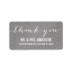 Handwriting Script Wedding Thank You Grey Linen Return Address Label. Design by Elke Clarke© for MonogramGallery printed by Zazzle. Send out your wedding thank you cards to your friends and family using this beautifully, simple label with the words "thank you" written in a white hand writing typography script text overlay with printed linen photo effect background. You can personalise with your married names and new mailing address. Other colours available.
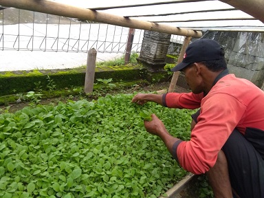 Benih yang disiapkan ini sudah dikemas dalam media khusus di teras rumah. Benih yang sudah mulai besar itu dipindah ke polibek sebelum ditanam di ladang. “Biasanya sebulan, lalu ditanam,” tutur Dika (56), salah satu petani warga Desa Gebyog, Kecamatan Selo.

...

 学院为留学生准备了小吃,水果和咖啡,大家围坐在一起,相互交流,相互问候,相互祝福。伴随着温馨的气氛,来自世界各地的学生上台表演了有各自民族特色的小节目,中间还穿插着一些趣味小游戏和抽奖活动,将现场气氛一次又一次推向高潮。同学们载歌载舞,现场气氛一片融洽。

---

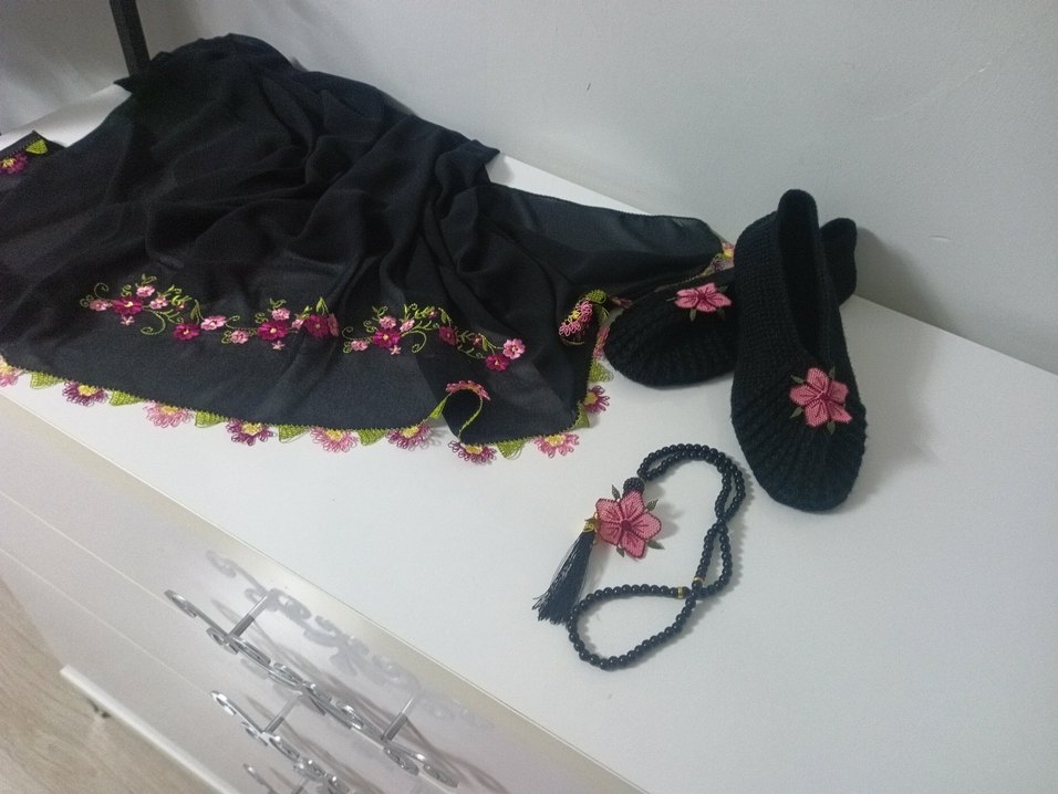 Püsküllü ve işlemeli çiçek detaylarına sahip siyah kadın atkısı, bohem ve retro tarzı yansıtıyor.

*TASK*:
Out of the records above, return only the lines from the one with "Handwriting Script Wedding" through the one with "Benih yang disiapkan", exactly, and none of the pictures.

*EXERCISE ANSWER*:
 Handwriting Script Wedding Thank You Grey Linen Return Address Label. Design by Elke Clarke© for MonogramGallery printed by Zazzle. Send out your wedding thank you cards to your friends and family using this beautifully, simple label with the words "thank you" written in a white hand writing typography script text overlay with printed linen photo effect background. You can personalise with your married names and new mailing address. Other colours available.
 Benih yang disiapkan ini sudah dikemas dalam media khusus di teras rumah. Benih yang sudah mulai besar itu dipindah ke polibek sebelum ditanam di ladang. “Biasanya sebulan, lalu ditanam,” tutur Dika (56), salah satu petani warga Desa Gebyog, Kecamatan Selo.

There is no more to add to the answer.